Faisant une lecture tantôt macroscopique et tantôt localisée du phénomène, Clendinning couvre la chronologie des événements historiques expliquant le gamelan aux États-Unis, en examine les retombées et finit par en aborder les multiples enjeux. L’argument plus général englobant ces analyses thématiques est la transformation du rapport entre l’étude du gamelan et l’ethnomusicologie américaine à travers les générations. Au-delà de la bimusicalité initialement promue par l’ethnomusicologue Mantle Hood, le gamelan outremer a donné lieu à des communautés artistiques vivantes affectant profondément la vie de ses agents. Même si le système d’échange facilité par ces communautés est loin d’être égalitaire[1], les retombées qu’il a sur tant d’individus en valent amplement les défis. Méthodologiquement, Clendinning fait usage de la biographie pour faire ressortir ces points. Les anecdotes et histoires personnelles sont ainsi utilisées à profusion, mettant par ailleurs fréquemment l’autrice en scène.

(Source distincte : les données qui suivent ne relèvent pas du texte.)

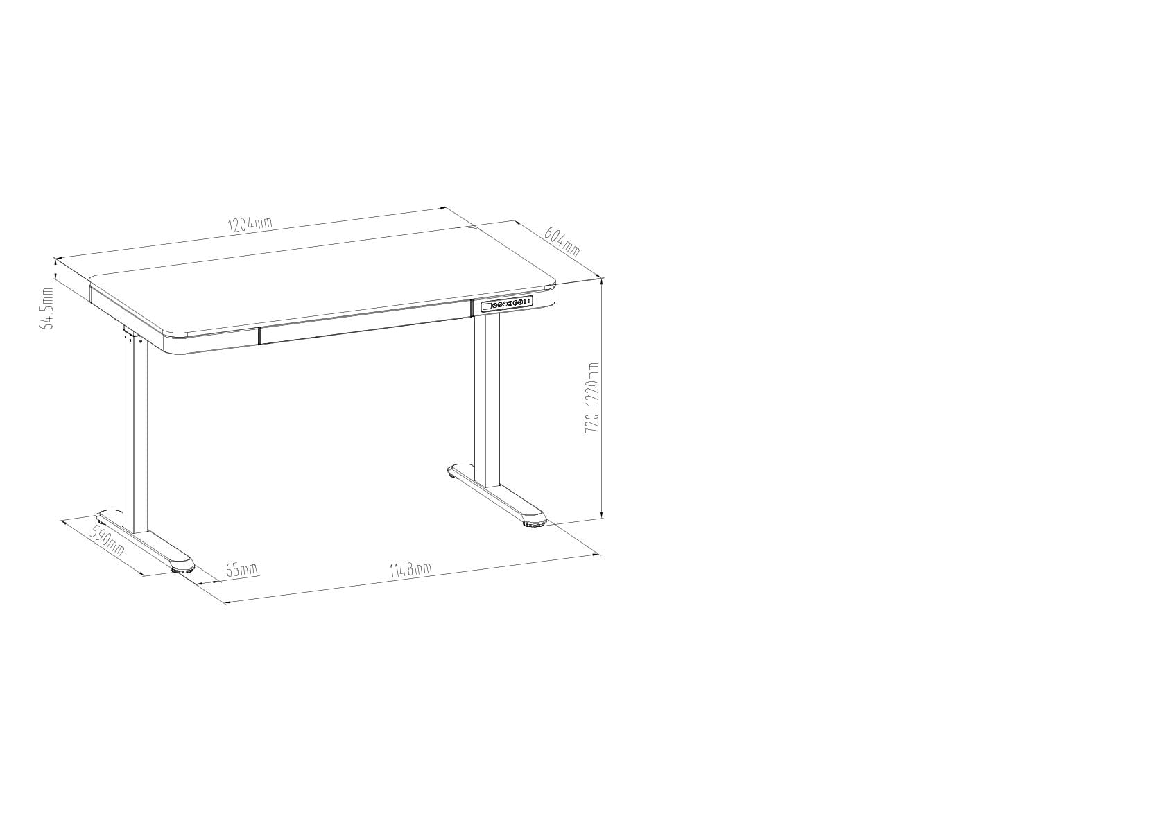 - Zakres wysokości stelaża 720-1220 mm

Dans son chapitre introductif (« Interlocking sounds, interlocking communities », p. 1-22), Clendinning souligne l’importance du gamelan indonésien parmi les sous-cultures musicales aux États-Unis. Malgré le faible poids démographique des diasporas indonésiennes, elle estime à environ 150 le nombre de gamelans actifs dans ce pays. Au moins la moitié d’entre eux ferait partie d’un cursus universitaire, les autres suivant un modèle communautaire. Au sein de l’enseignement supérieur, le gamelan prend souvent la forme de world music ensemble, un type de cours pratique ayant émergé à partir des années 1960 par souci de diversification des musiques promues dans les départements de musique. Avec la notion de bimusicalité défendue par Hood, spécialisé en musiques indonésiennes, le gamelan s’est retrouvé « au coeur de ce nouvel ordre consciencieusement diversifié » (p. 3) et est ainsi devenu le world music ensemble par excellence. Clendinning revendique au passage une ethnomusicologie étudiant de près ces ensembles académiques.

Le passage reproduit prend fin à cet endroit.